…Весь запад нашей страны был охвачен мобилизацией, оформленной как всеобъемлющие «учения тыла». В пяти областях были призваны резервисты, и люди были сняты с сельскохозяйственных работ (во время уборки урожая!).
В партийных и, конечно, военных и полицейских органах были отменены отпуска; в учреждениях организованы круглосуточные дежурства.
Это то, что я могу присовокупить к газетной информации о военных маневрах у границ Чехословакии со стороны СССР, Польши и ГДР. Говорю об этом, потому что есть различия между военной демонстрацией и чем-то большим: приведением в мобилизационную готовность большой части страны и всех тыловых служб.
…В день отъезда советских руководителей в Чиерне-на-Тисе я встретил человека, тесно и постоянно связанного с международным отделом ЦК [КПСС]. Не будучи моим близким знакомым, он панически и настойчиво утверждал, что советские руководители подготовили ультиматум, в котором содержится, в частности, требование о восстановлении цензуры и об изменениях в составе руководства КПЧ… В случае непринятия этих требований — интервенция.(…)
…Твердость позиции руководства КПЧ и народный подъем в Чехословакии — это такие факторы, которые говорят о том, что в случае интервенции будет дан отпор и, каковы бы ни были преимущества интервентов, последствия необозримы и катастрофичны.
…Угроза возможных потрясающих разоблачений сталинской политики может ускорить решение вмешаться в чехословацкие дела.
…Несомненно, правительству было ясно, что Чехословакия не меняет своей внешнеполитической ориентации и далека от той линии, которую уже проводит Румыния. Между тем против Румынии репрессий не предпринимали. Следовательно, нажим, травля, угроза вмешательства и готовность перейти к военным действиям — все это обусловлено не опасением, что ЧССР будет потеряна с внешнеполитической или военно-стратегической точки зрения; все сводится к страху перед внутриполитическим курсом на демократизацию.

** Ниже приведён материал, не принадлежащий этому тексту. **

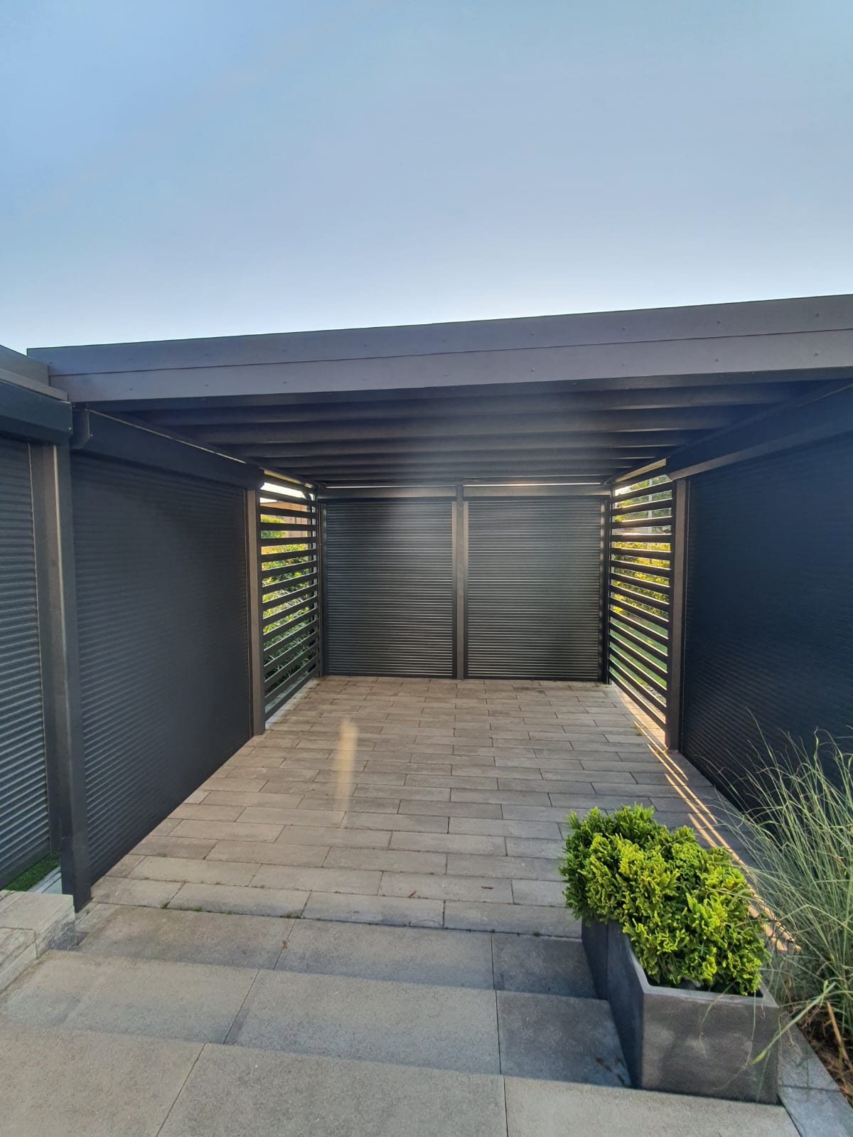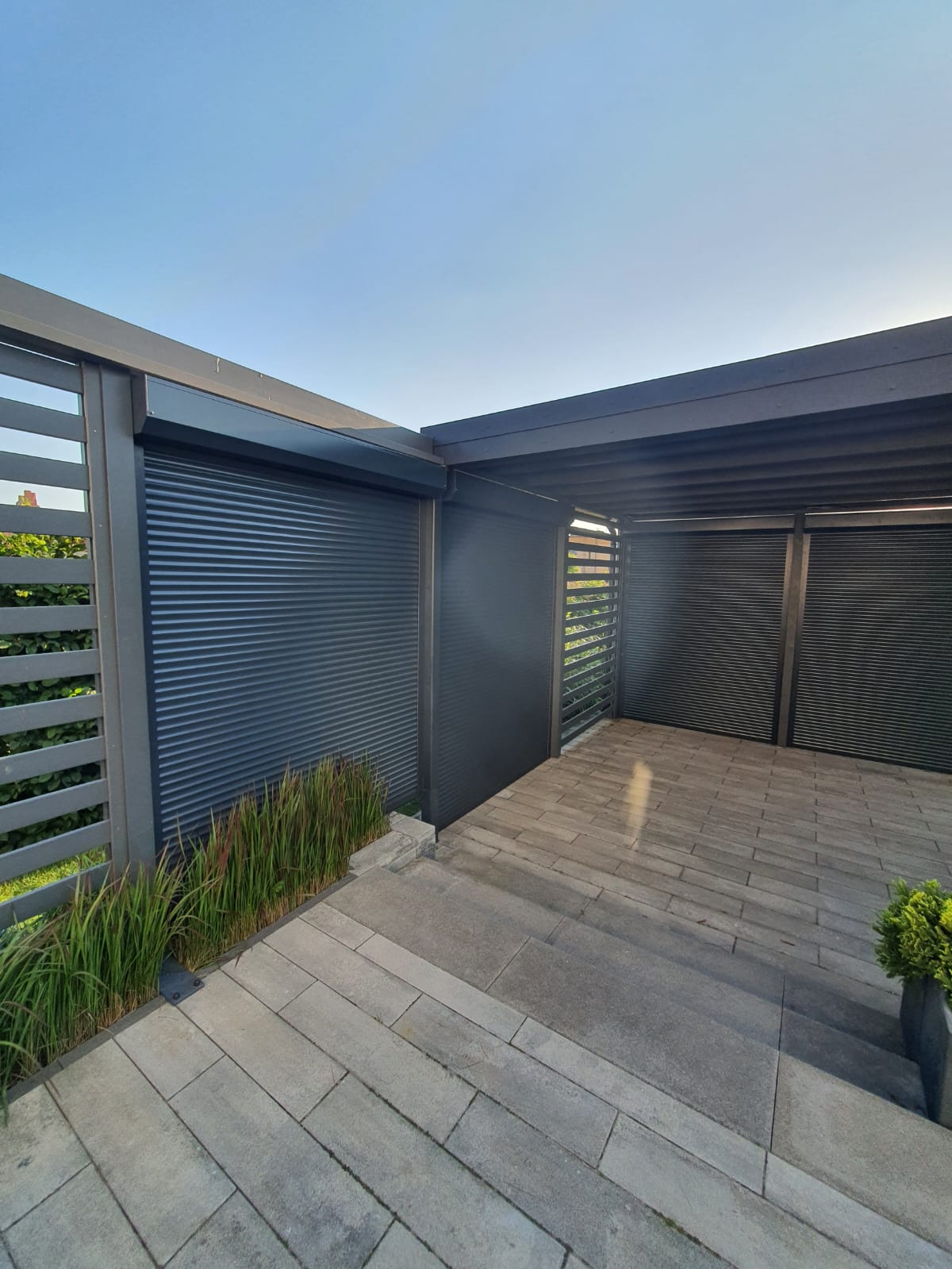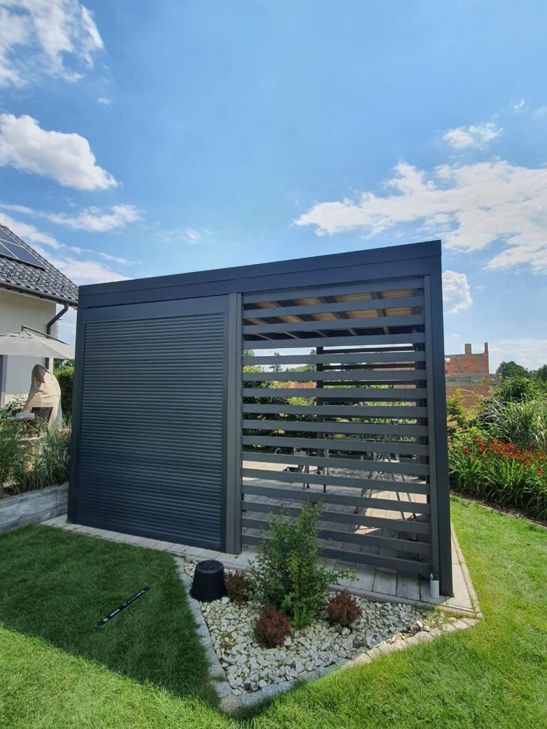 Najnowszy projekt – Elegancka Zabudowa Altany w Kolorze Antracyt z Przesłonami Rolowanymi Sterowanymi Elektrycznie!

В кругах пониже правительственных, среди секретарей обкомов, в среде министерской и партийной бюрократии, вероятно, есть люди, которые поверили газетным сообщениям о возможности выхода ЧССР из социалистической системы и о реальной опасности «контрреволюции» в Чехословакии. Но в основном на всех ступенях правительственного аппарата преобладают чувства, охватившие всю касту: недовольство, вплоть до возмущения, стремлением к демократии и личной свободе, опасения, вплоть до страха, что ослабление диктаторского режима, особенно отмена цензуры, подрывает позиции и власть аппарата, создает угрозу его привилегиям. Мне рассказывал человек, проведший дни кризиса в редакции «Правды», что он был поражен тем, с какой откровенной злобой там говорили о необходимости подавить танками «антисоциалистические силы» в ЧССР. Мне рассказал и собеседник замминистра промышленного министерства, что тот в частной беседе высказывался за применение танков против Чехословакии. Как заметил один ответственный работник Совета Министров, рассуждения о необходимости применить танки считаются «в верхах» признаком «партийного подхода» к событиям.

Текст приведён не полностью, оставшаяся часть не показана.